▶ _Recorded information_
----
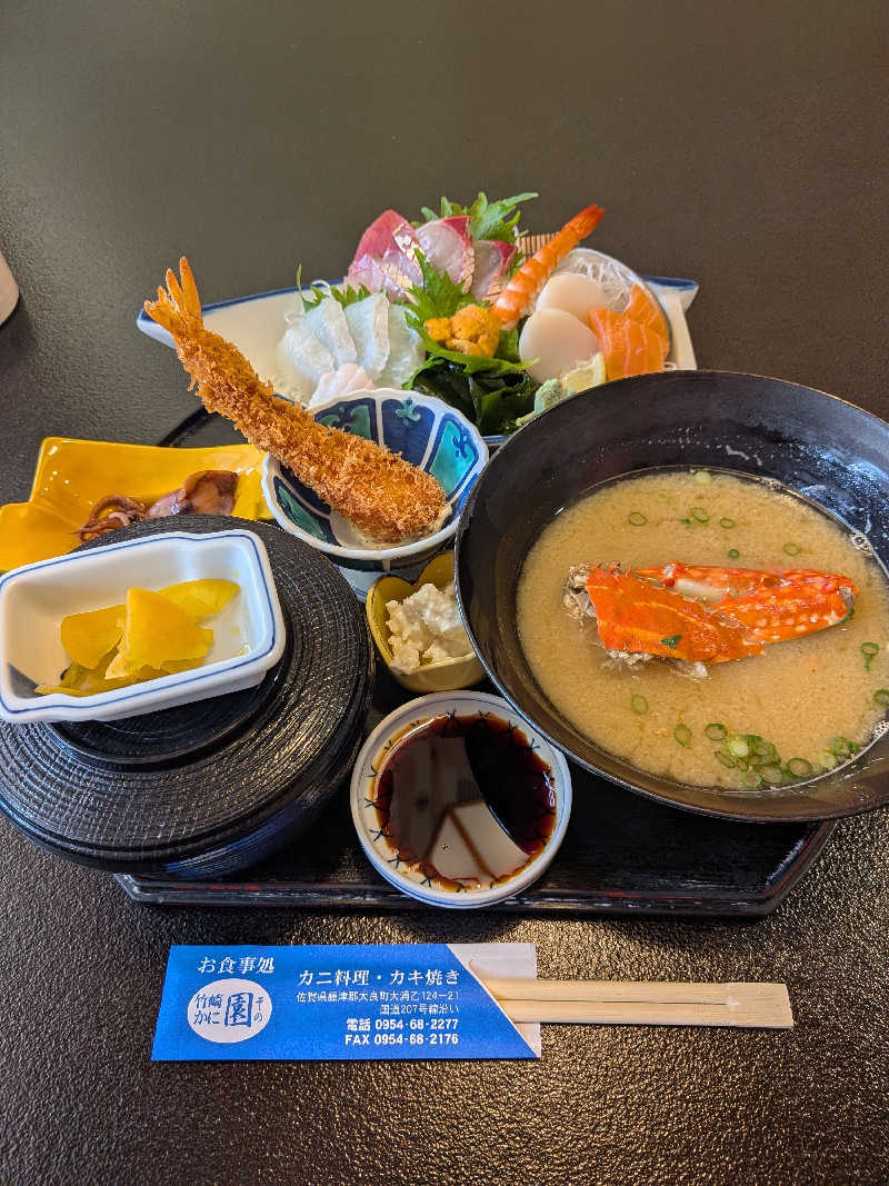 サウナ上がりに早めのお昼ごはんを蟹御殿から車で2分の『竹崎かに園』で刺身定食をいただく。
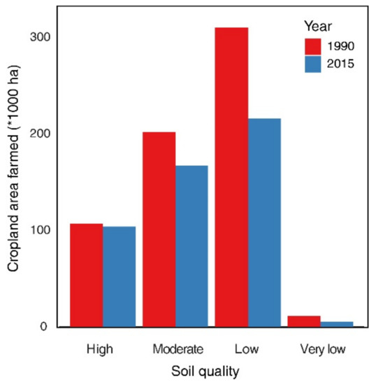 Area of farmed cropland per soil quality category in 1990 and 2015.
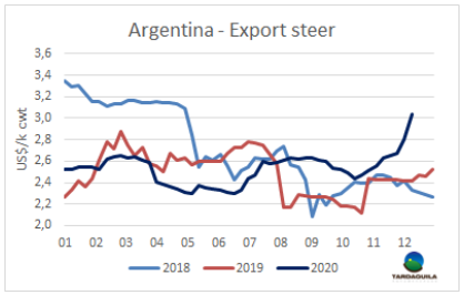 出口牛的價(jià)格在過去兩個(gè)月急劇上漲。漲勢(shì)最兇的是閹牛,尤其是英國純種閹牛,10月第一周和12月第一周之間增長(zhǎng)了31.6%。同期,印度串種閹牛價(jià)格上漲了27.7%。特優(yōu)母牛價(jià)格過去兩個(gè)月累計(jì)增長(zhǎng)23.6%,而主要銷往中國市場(chǎng)的工業(yè)母牛增長(zhǎng)了25.0%。兩個(gè)月前,市場(chǎng)分析師Victor Tonelli就預(yù)測(cè)到了牛價(jià)上漲,他指出,過冬犢牛的價(jià)格和飼養(yǎng)成本的比率比從飼養(yǎng)場(chǎng)出欄的活牛價(jià)格高出20%/25%,這使得養(yǎng)殖業(yè)無法生存,并導(dǎo)致了飼養(yǎng)場(chǎng)空置。
----
An exact copy of the lines above, from the first through the line that holds "Area of farmed", is what is needed; leave the pictures out.

▶ _Solution to this problem_
 サウナ上がりに早めのお昼ごはんを蟹御殿から車で2分の『竹崎かに園』で刺身定食をいただく。
 Area of farmed cropland per soil quality category in 1990 and 2015.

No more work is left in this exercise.